*Activity*
Each line below from the "2006 Heinrich Raible, Bruno" line through the "제네시스 G70 전동식" line, those two included, must be restated word for word; the pictures must not be.

Given records: Begin

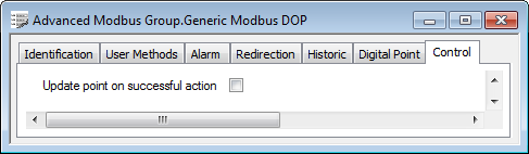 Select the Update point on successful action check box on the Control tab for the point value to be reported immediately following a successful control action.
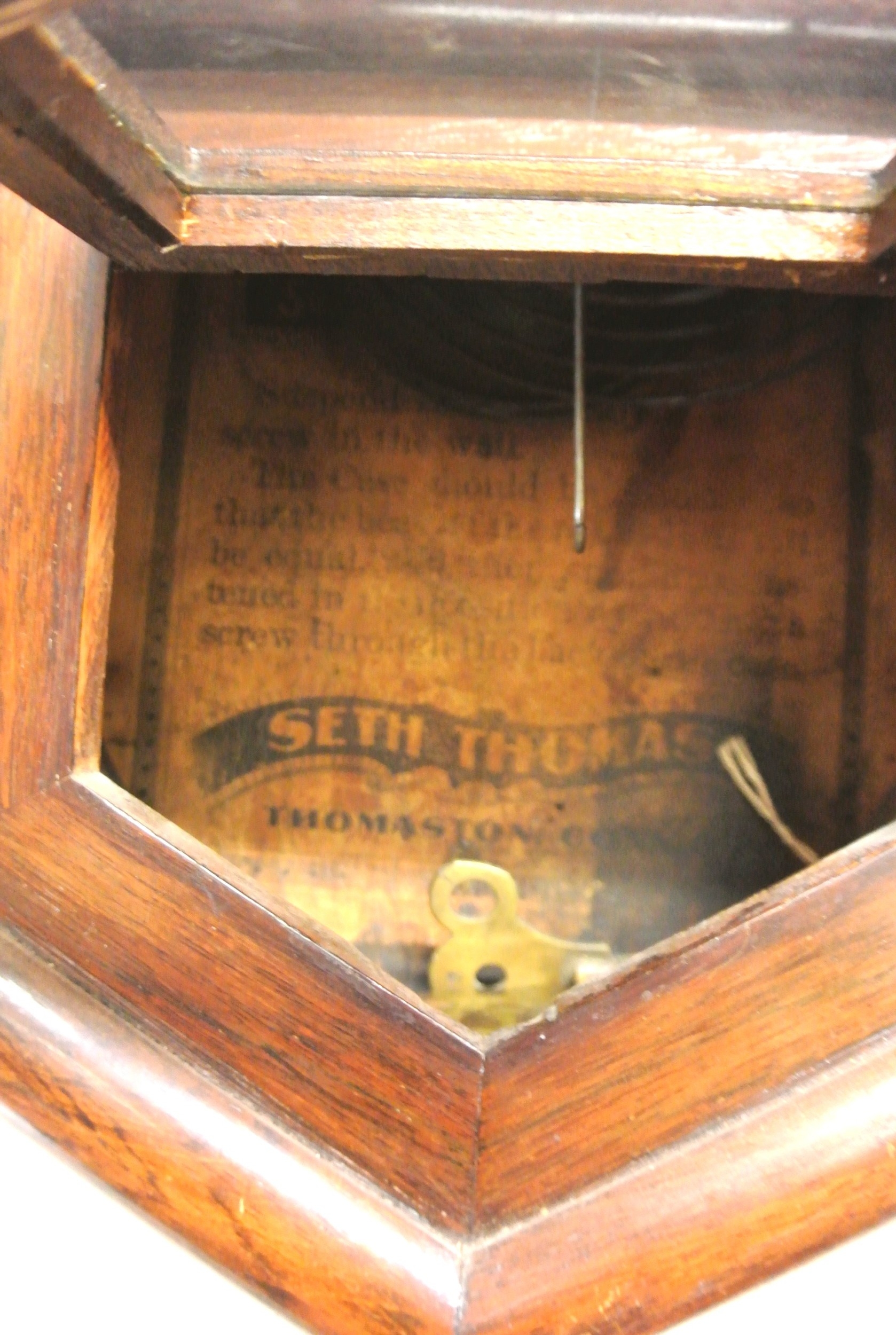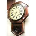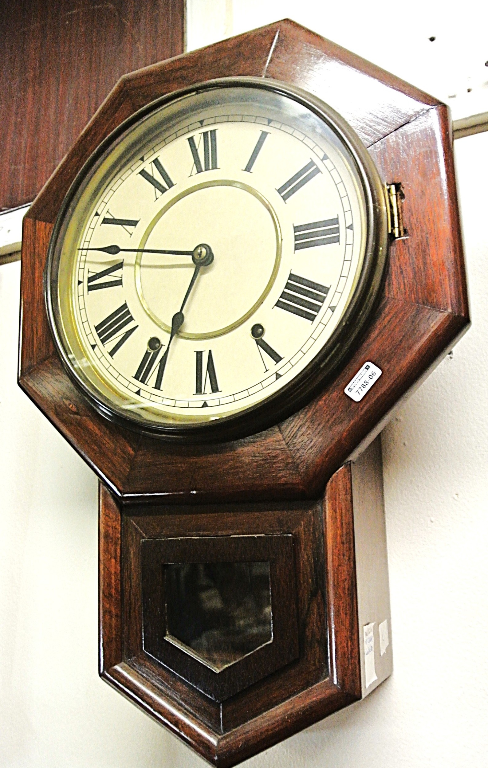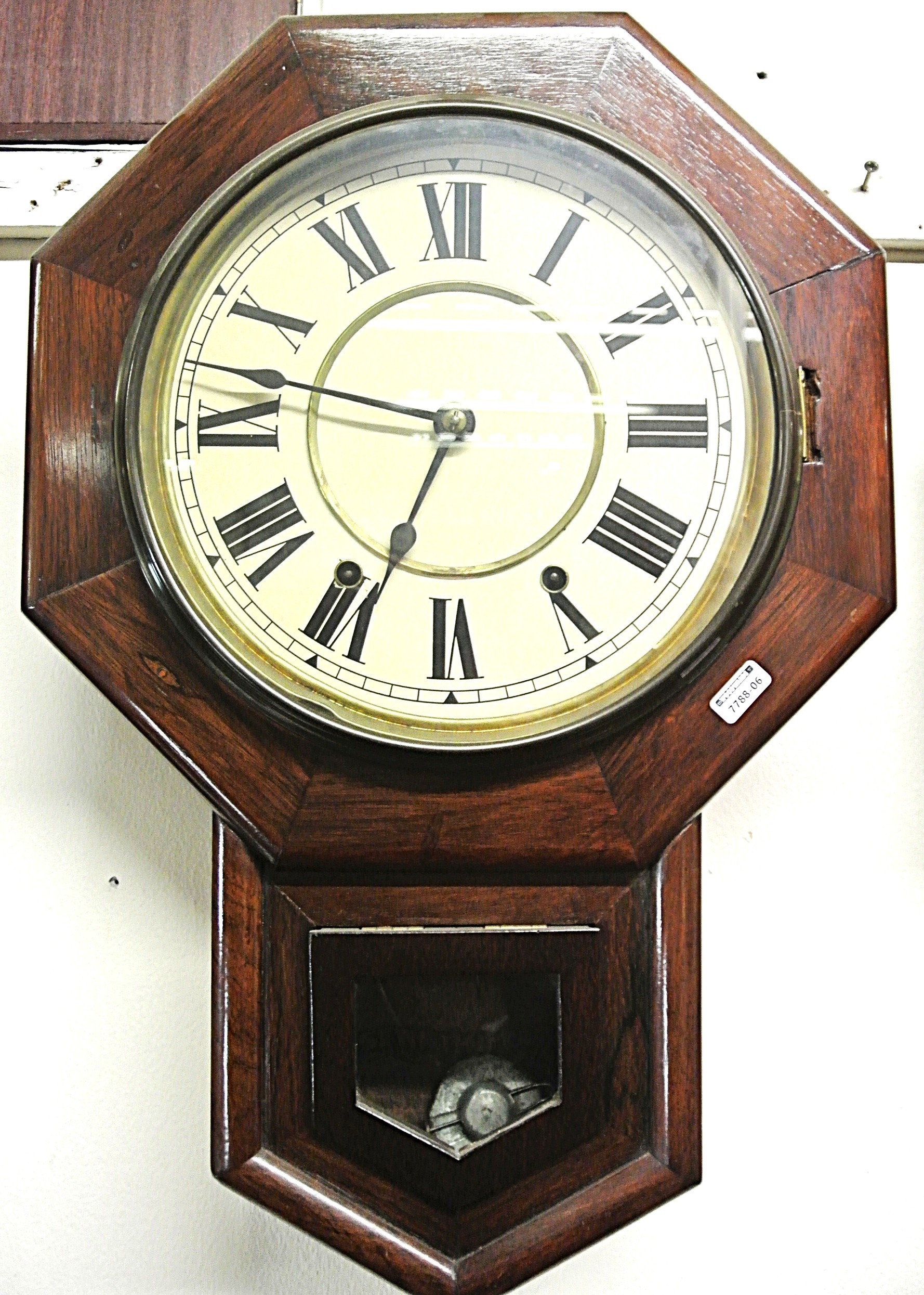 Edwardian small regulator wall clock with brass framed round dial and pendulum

Given records: End
Given records: Begin

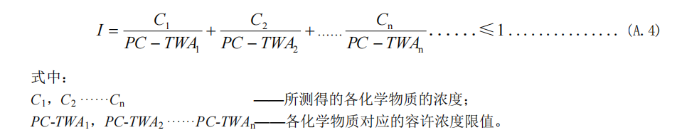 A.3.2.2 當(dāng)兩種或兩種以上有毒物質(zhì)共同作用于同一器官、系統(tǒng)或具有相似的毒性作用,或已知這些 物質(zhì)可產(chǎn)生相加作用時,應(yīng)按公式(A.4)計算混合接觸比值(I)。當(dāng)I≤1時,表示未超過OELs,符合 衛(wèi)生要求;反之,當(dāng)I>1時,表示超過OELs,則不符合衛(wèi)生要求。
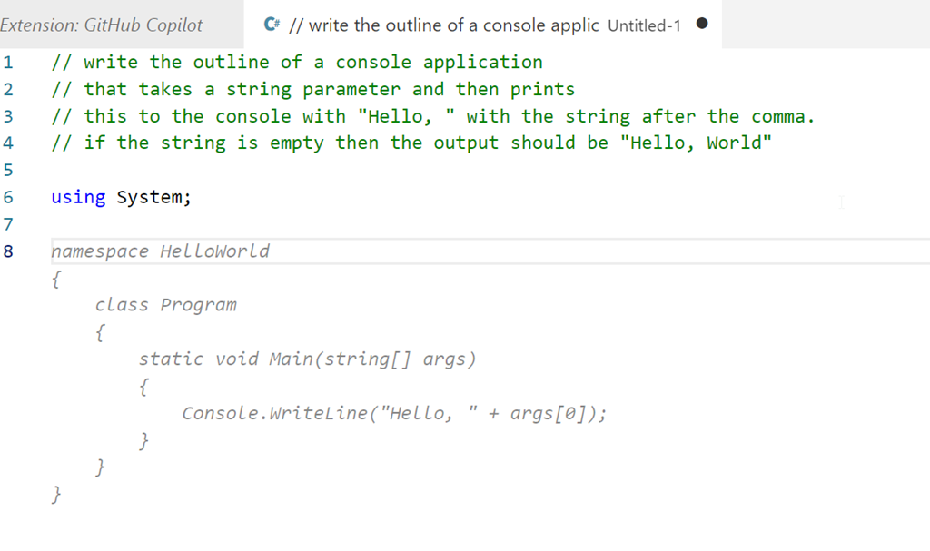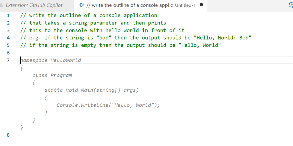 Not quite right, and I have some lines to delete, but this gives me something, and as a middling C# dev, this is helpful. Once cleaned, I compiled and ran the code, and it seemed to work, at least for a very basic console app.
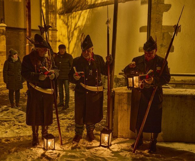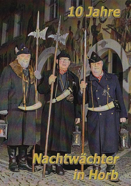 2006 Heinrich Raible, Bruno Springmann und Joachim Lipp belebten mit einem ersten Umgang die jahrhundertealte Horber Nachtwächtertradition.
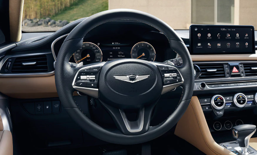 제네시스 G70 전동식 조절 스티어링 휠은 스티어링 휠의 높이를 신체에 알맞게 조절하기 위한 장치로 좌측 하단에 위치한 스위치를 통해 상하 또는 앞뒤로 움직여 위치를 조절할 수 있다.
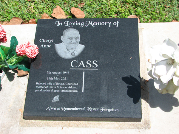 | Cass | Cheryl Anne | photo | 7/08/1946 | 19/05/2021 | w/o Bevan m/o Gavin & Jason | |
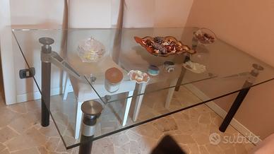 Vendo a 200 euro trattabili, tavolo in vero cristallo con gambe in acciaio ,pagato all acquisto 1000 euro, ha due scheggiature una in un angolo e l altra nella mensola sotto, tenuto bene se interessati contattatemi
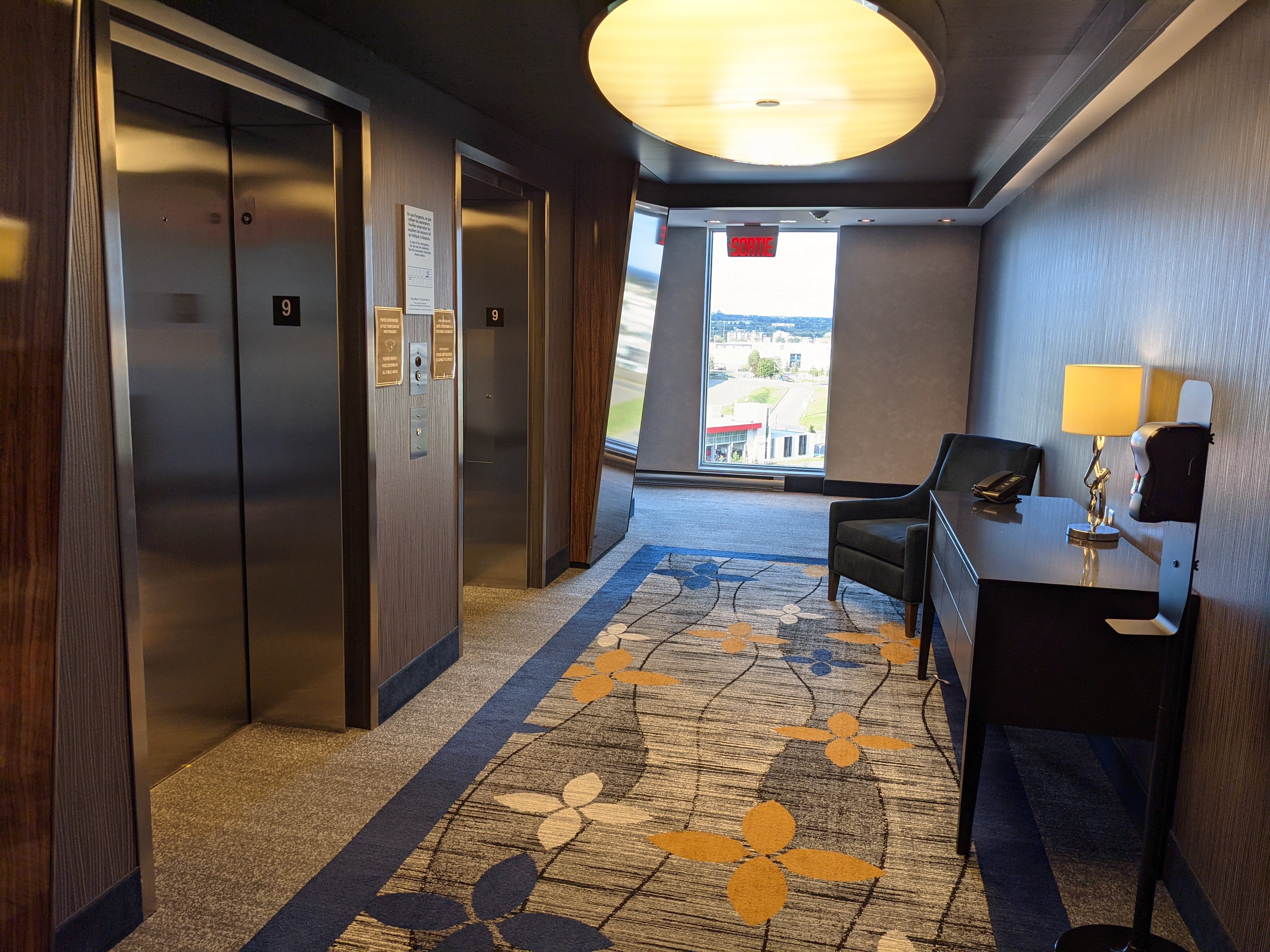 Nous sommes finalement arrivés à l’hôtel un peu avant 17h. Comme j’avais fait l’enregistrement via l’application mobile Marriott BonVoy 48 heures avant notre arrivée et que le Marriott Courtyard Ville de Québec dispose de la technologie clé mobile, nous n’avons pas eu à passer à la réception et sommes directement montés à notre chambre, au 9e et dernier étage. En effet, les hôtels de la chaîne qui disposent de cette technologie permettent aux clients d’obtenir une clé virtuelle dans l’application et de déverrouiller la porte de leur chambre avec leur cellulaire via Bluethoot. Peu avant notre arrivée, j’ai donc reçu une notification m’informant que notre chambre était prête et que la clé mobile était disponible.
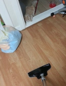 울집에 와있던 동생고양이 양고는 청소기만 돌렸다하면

Given records: End
Given records: Begin

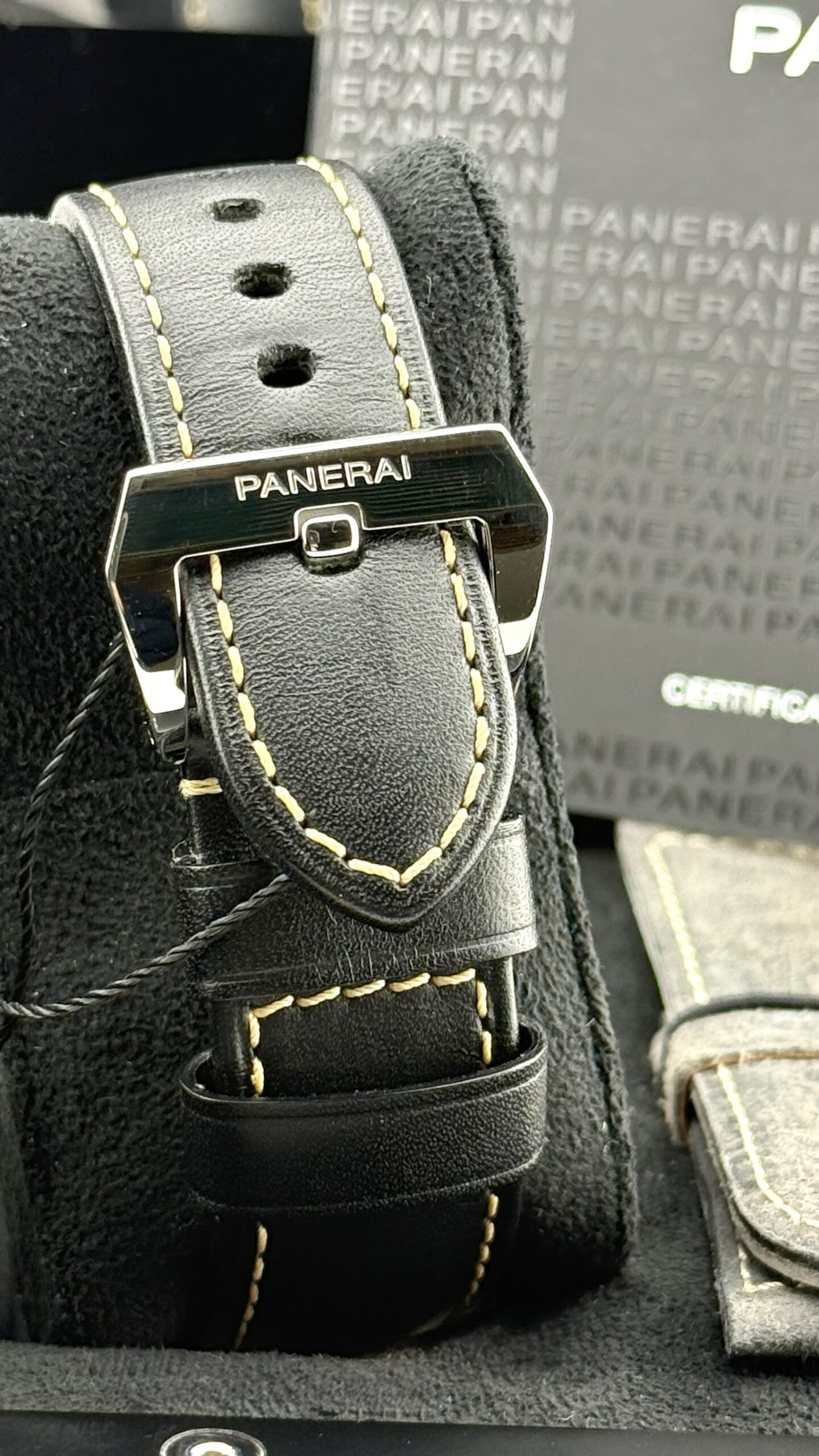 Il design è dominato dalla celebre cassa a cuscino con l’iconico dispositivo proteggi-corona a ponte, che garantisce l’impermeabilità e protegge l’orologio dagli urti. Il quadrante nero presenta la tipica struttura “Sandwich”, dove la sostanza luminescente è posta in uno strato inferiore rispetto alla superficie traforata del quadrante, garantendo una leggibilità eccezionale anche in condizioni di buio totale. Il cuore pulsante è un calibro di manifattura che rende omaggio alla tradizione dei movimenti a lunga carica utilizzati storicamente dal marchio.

Given records: End

*Solution to this problem*
 2006 Heinrich Raible, Bruno Springmann und Joachim Lipp belebten mit einem ersten Umgang die jahrhundertealte Horber Nachtwächtertradition.
 제네시스 G70 전동식 조절 스티어링 휠은 스티어링 휠의 높이를 신체에 알맞게 조절하기 위한 장치로 좌측 하단에 위치한 스위치를 통해 상하 또는 앞뒤로 움직여 위치를 조절할 수 있다.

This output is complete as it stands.